Het Tuchtgerecht komt tot de slotsom dat in het geval van betrokkene is vast komen te staan dat in twee gevallen de onderzoeken naar de aanwezigheid van Salmonella te laat hebben plaatsgevonden; een keer twee dagen te laat en een keer zes weken te laat. Voor deze overtredingen wordt één tuchtrechtelijke maatregel opgelegd.
Bij de vaststelling van de hoogte van de geldboete is tevens rekening gehouden met het feit dat betrokkene een bedrijf van kleine omvang heeft en met het feit dat aan betrokkene niet eerder een tuchtrechtelijke maatregel is opgelegd. Dit leidt ertoe dat het Tuchtgerecht de geldboete deels voorwaardelijk oplegt.
Gelet op het bovenstaande legt het Tuchtgerecht Productschap Pluimvee en Eieren, Kamer Primaire Sector, betrokkene – ingevolge artikel 23, tweede lid, van de Verordening hygiënemaatregelen en bestrijding zoönosen in pluimveebedrijven en kuikenbroederijen (PPE) 2011 – de volgende tuchtrechtelijke maatregel op:
Beslissing:
Een geldboete van € 400 (zegge: vierhonderd euro), waarvan € 100 (zegge: eenhonderd euro) voorwaardelijk met een proeftijd van twee jaar.
Indien binnen deze periode door betrokkene niet aan de nader te noemen voorwaarde wordt voldaan, wordt – nadat deze uitspraak onherroepelijk wordt – het voorwaardelijke deel van de boete alsnog ten uitvoer gelegd.
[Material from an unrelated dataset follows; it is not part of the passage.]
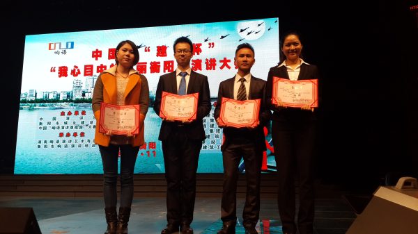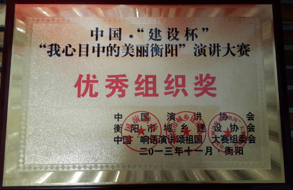 本次大賽是為了宣傳貫徹黨的十八大精神,呼應(yīng)2014年將在長沙舉辦的中國•“我心目中的理想社區(qū)”全國演講大賽,推進美麗衡陽建設(shè),以演講的正能量為實現(xiàn)“中國夢”提供鏗鏘發(fā)聲的舞臺。經(jīng)中國演講協(xié)會、市城鄉(xiāng)建設(shè)協(xié)會、中國“響語演講頌祖國”大賽組委會研究,決定在全市范圍內(nèi)舉辦中國“建設(shè)杯”•“我心目中的美麗衡陽”演講大賽。經(jīng)過半年的緊張籌備,通過100余名演講選手參賽海選、51名演講選手復(fù)賽,最終有26名種子選手站在了演講決賽的舞臺。我司謝夢陽、唐霞、李瑩、曾勝四人演講《因?qū)W⒍绕稹窐s獲一等獎,謝夢陽、唐霞的個人演講分獲二、三等獎。公司代表隊榮獲中國•建設(shè)杯•“我心目中的美麗衡陽”演講賽優(yōu)秀組織獎。

De voorwaarde is, dat geen enkele bepaling van de Verordening hygiënemaatregelen en bestrijding zoönosen in pluimveebedrijven en kuikenbroederijen (PPE) 2011 of van enige andere verordening over hygiënevoorschriften met betrekking tot de pluimveehouderij zal worden overtreden.
Toepasselijke artikelen:
Naast de al vermelde artikelen zijn van toepassing de Wet Tuchtrechtspraak bedrijfsorganisatie 2004 en het Instellingsbesluit Productschap Pluimvee en Eieren.
Samenstelling van het Tuchtgerecht:
De uitspraak is gedaan door de heer mr. L.F.A. Husson, voorzitter, alsmede mevrouw mr. W.N. Everts en de heer mr. drs. H. Lommers, leden, in aanwezigheid van mevrouw drs. A.M.P. Regout, secretaris.